Search code examples
datedatetimerusttime-seriesrust-polars

Filter a polars dataframe by date in rust


Im trying to filter a dataframe by date. But filter it with expressions like this would be really cumbersome for a date like "2019-11-01 10:15:00".

My goal is to do something like the python version:

use polars::export::chrono::NaiveDateTime;
use polars::prelude::*;
fn main() -> Result<(), Box<dyn std::error::Error>> {
    let df = LazyCsvReader::new(path)
        .with_parse_dates(true)
        .has_header(true)
        .finish()?
        .collect()?;

    let dt = NaiveDateTime::parse_from_str("2019-11-01 10:15:00", "%Y-%m-%d %H:%M:%S")?;

    //This will not compile!
    let filtered = df.filter(col("time") < dt); 
}

However I'm having a really hard time to filter the dateframe in-place or just creating a boolean mask.


Solution

  • After more time than I dare to admit I finally solved it by using the eager API, there is probably a better solution in the Lazy-API but this works for now!

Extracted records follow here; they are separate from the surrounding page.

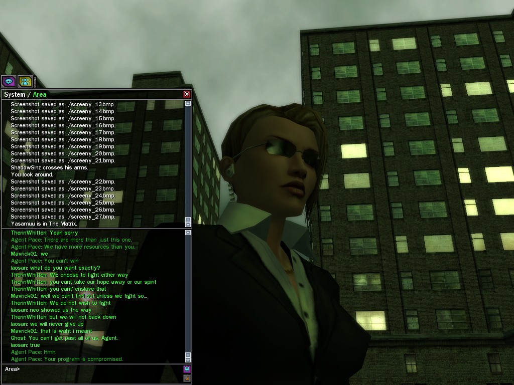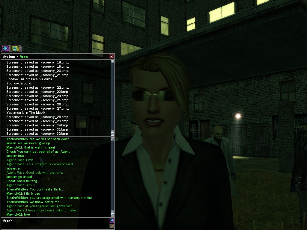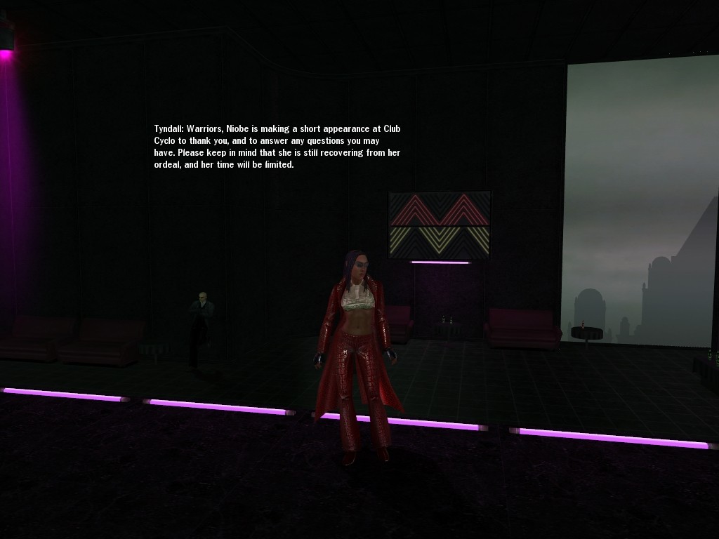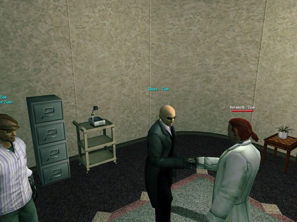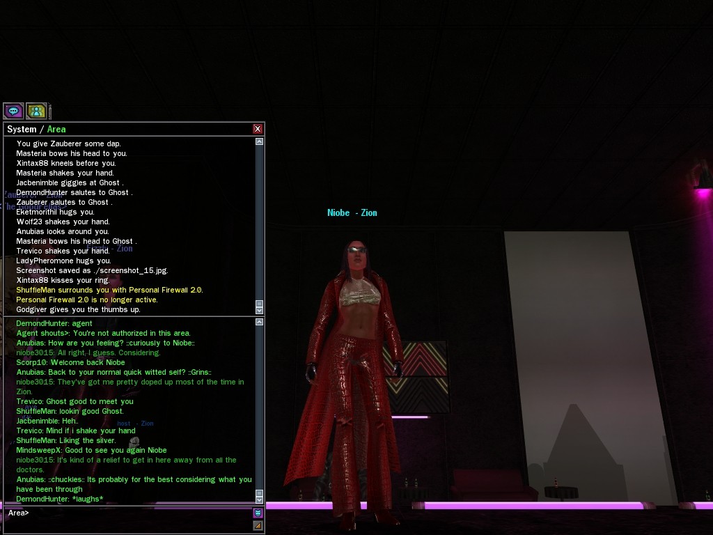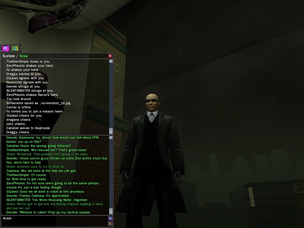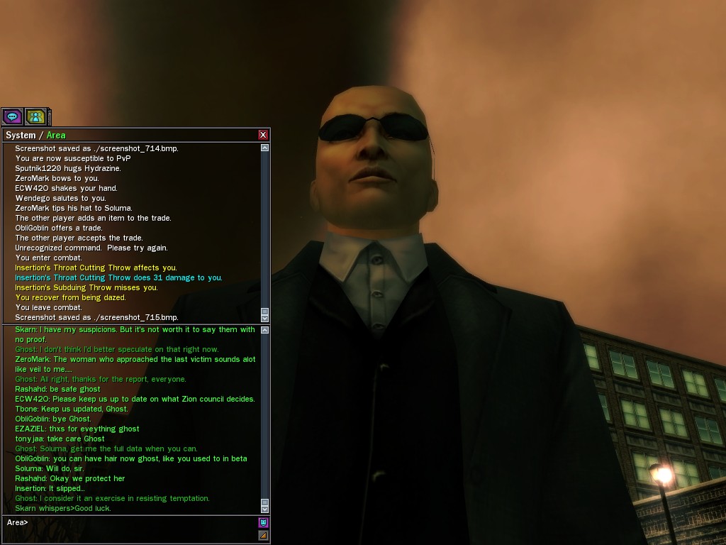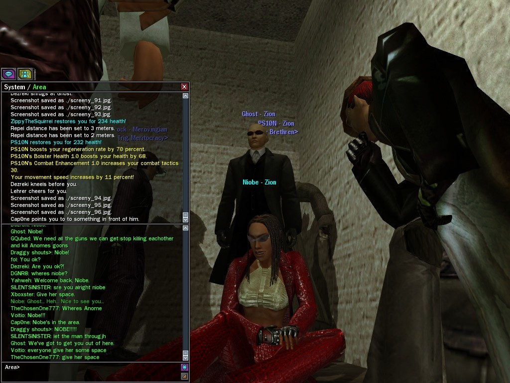 Niobe is back in Zion. It took a lot of hard work over these past weeks from our operatives, and from operatives working for the Merovingian, who decided to help us for reasons of his own. His man, the Effectuator, while sometimes maddeningly irritating, nevertheless was able to track down the construct in which Anome had imprisoned Niobe, after operatives aided him by tracking down network junctions, and clearing Anome's people out of the way. On Friday, with the final network trace made, and Niobe's location pinned down, we stormed Bishop Imports--the site of Anome's treachery, and her disappearance--to pull her back into our simulation. Anome's men had sealed off the upper floors, requiring teams of operatives to free specific hardlines from his control in Bathary Row and Chelsea, so that the Effectuator could gain the necessary network access to disable these blockades. Still, with teams working simultaneously in Bathary, Chelsea, and Ueno, we were able to overcome Anome's forces, and finally, near the top of Bishop Imports, pull Niobe out of her prison. She was desperately weak from her wounds and long imprisonment, and even her body in Zion had suffered due to its extended period of inactivity. But with the help of those around her, she somehow found the strength to stand, get to the rooftop, and jack out once the doctors had cleared her. She hasn't said much since she's been back. She's still weak, but resting, and getting stronger day by day. I think this ordeal has worked some changes on her--for better or for worse, I don't know. People who say "what doesn't kill you only makes you stronger" have never been in a war. But if anyone can come back stronger than ever after something like this, it's Niobe. The doctors aren't sure what lasting effect, if any, the cheat code she drank will have on her. They say it kept her alive, but it didn't prevent her from jacking out, as it has Anome's lieutenants. It didn't give her any obvious powers, either. There's a theory going around, I think started by Machine operatives, that the cheat codes mutated after Anome got his hands on them, or that he changed them himself, somehow. I don't know about any of that. I do know that with the captain back, Anome's days are numbered. If I know Niobe, she's going to want a little payback for what he did to her, and what he's done to the Matrix. I've spoken to some operatives who wished they'd been able to participate in the Ueno operation. I tell them not to worry; there's going to be more than enough action for everyone before this is over.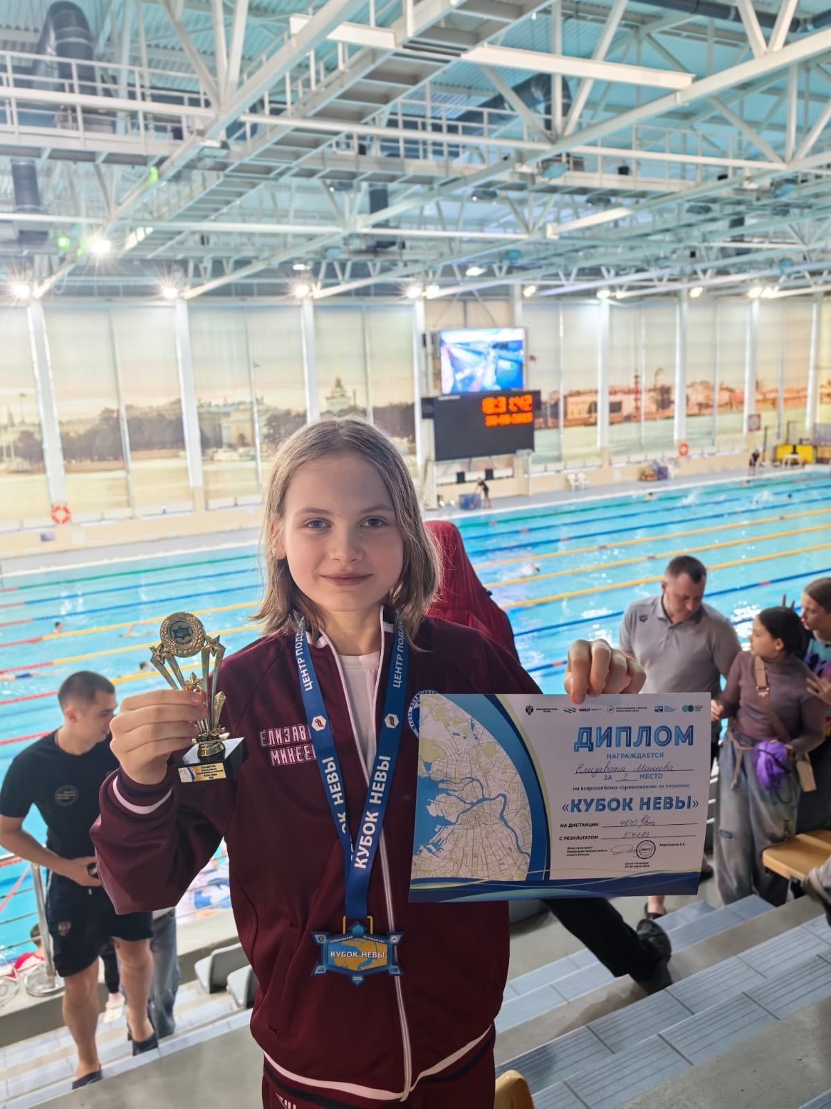 4. 1-е место и обладатель "Кубка Невы" на дистанции 400 метров вольный стиль (бассейн 50 метров).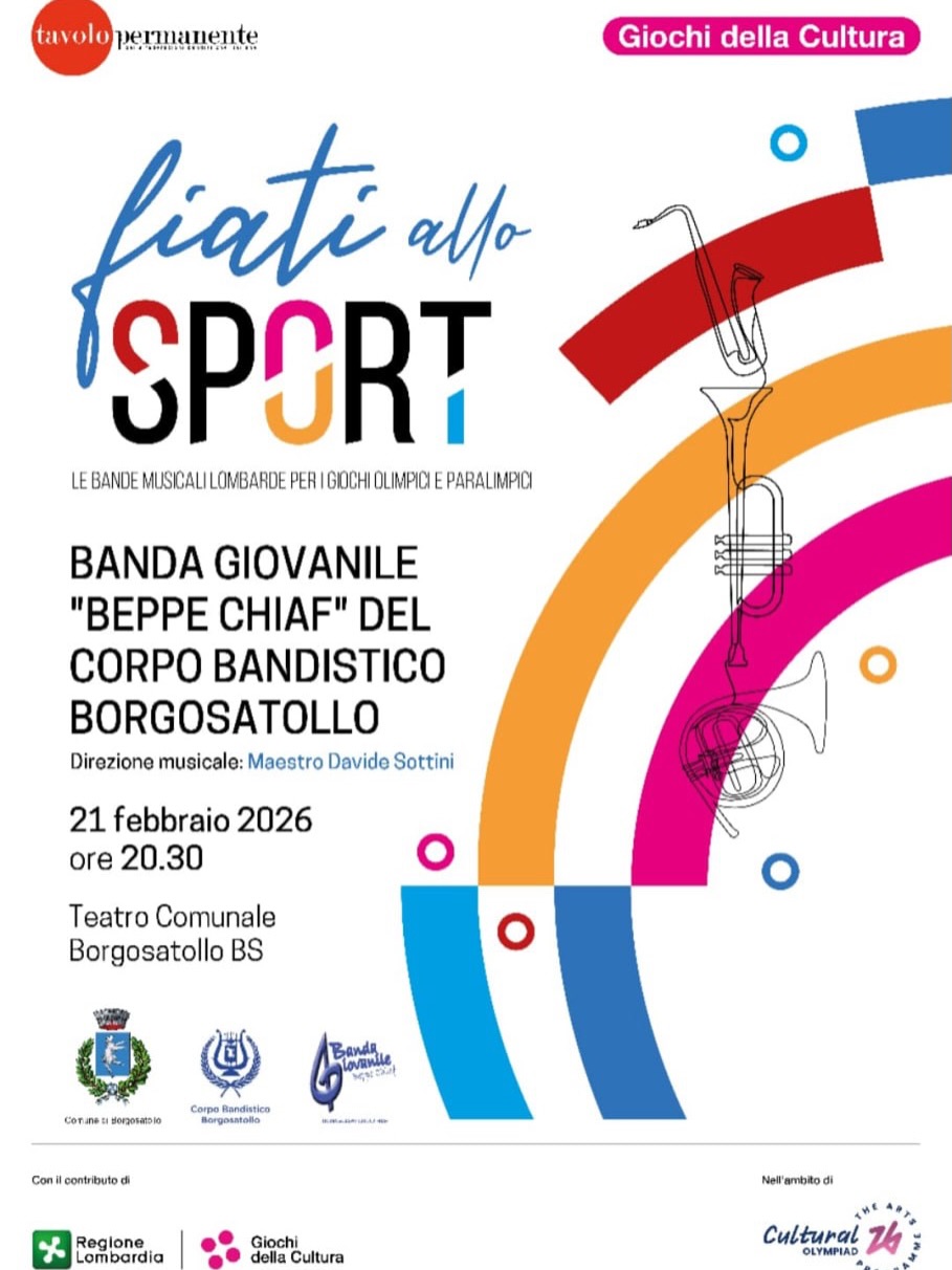 Il giorno 21 febbraio la banda giovanile“Beppe Chiaf” si esibirà con il concerto “Fiati allo sport”.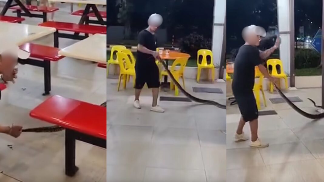 SINGAPORE: Residents near Blk 211 Marsiling Crescent had a surprising visitor recently when a snake was spotted slithering near a coffeeshop. The sighting caused a brief stir among those who were present, but it was thanks to the quick action of a member of the public, who was an uncle who didn’t hesitate to step in, that the situation was safely and quickly resolved.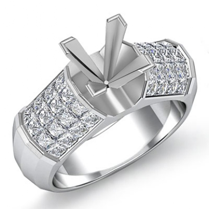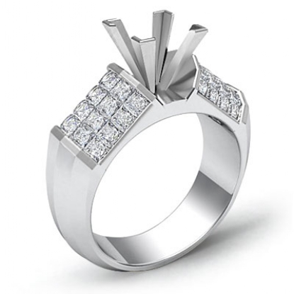 Princess Diamond Women Engagement Ring Invisible 18k W Gold Semi Mount (1.2Ct. tw.)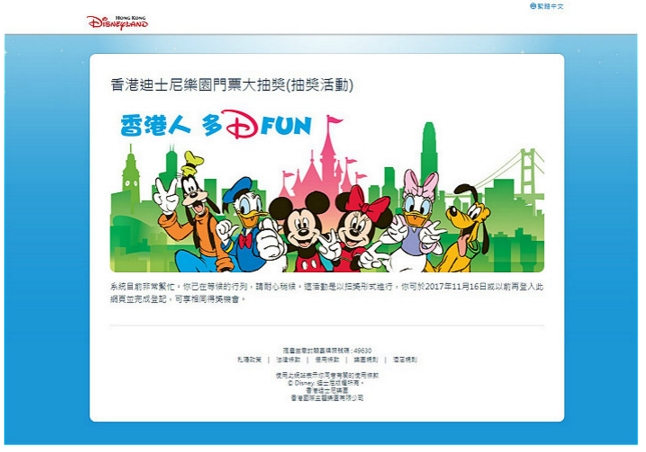 【香港商报网讯】香港迪士尼樂園推出港人優惠,送出5萬張門票抽獎,抽獎活動首日推出頭四小時已有逾30萬人登記,截至11月12日已有逾90萬人登記,反應熱烈,登記日期今日截止,而抽獎活動結果將於本月22日公布。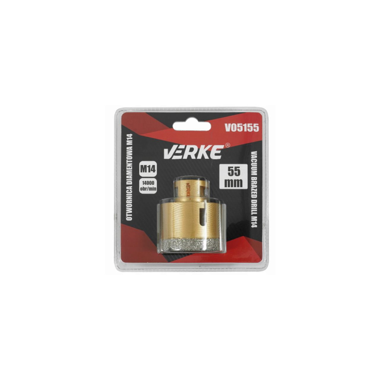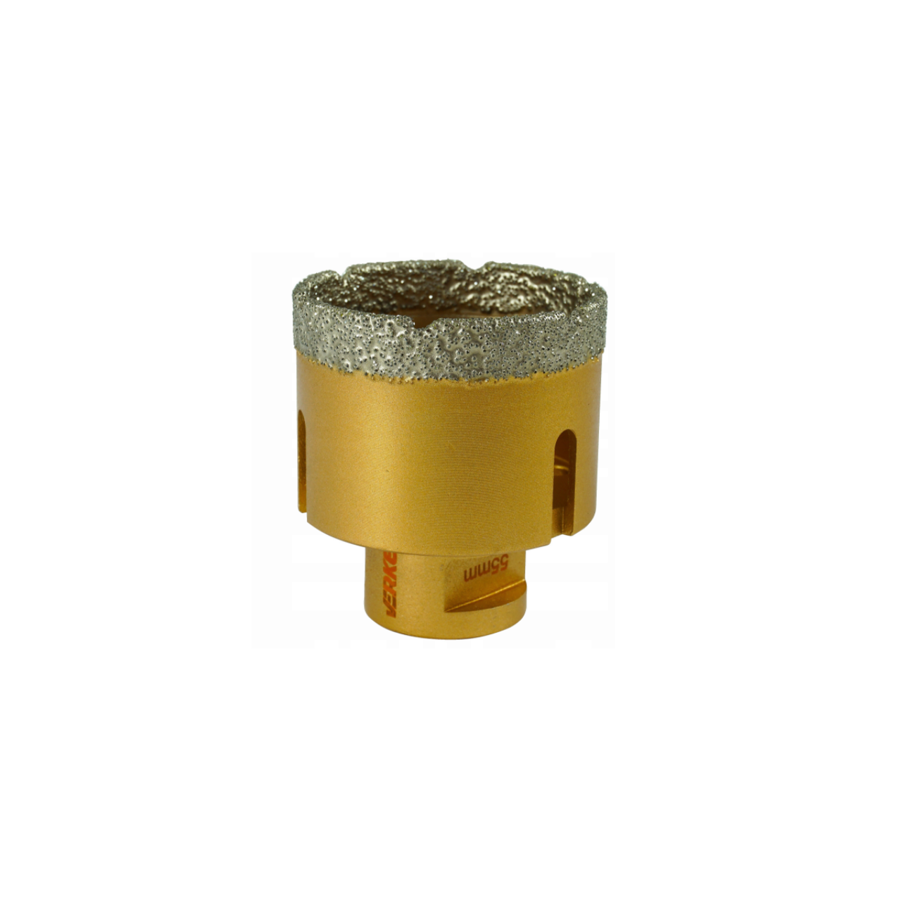 Carota diamantata, cu diametrul de 55 mm, echipat cu filet de montare M14 pentru montare in polizoare unghiulare. Perfect pentru a face gauri in materiale precum gresie, placi ceramice, clincher, placi si piatra naturala.

    use polars::export::chrono::NaiveDateTime;
    use polars::prelude::*;
    fn main() -> Result<(), Box<dyn std::error::Error>> {
    
        let df = LazyCsvReader::new(path)
            .with_parse_dates(true)
            .has_header(true)
            .finish()?
            .collect()?;
    
    // Set date to filter by
        let dt = NaiveDateTime::parse_from_str("2019-11-01 10:15:00", "%Y-%m-%d %H:%M:%S")?;
    
    // Create boolean mask
        let mask = df["time"]
            .datetime()?
            .as_datetime_iter()
            .map(|x| x.unwrap() < dt)
            .collect();
    
    // New filtered df
        let filtered_df = df.filter(&mask)?;
    }
    
    

    To get a date value from the "time" column and parse it to as a NaiveDateTime:

    fn main() -> Result<(), Box<dyn std::error::Error>> {
    
        // Lets take the last date from a series of datetime[µs]
        let date: Vec<Option<NaiveDateTime>> = df["time"]
            .tail(Some(1))
            .datetime()?
            .as_datetime_iter()
            .collect();
    
        // Create new NaiveDateTime, can be used as filter/condition in map-function
        let dt2 = NaiveDateTime::parse_from_str(&date[0].unwrap().to_string(), "%Y-%m-%d %H:%M:%S")?;
    }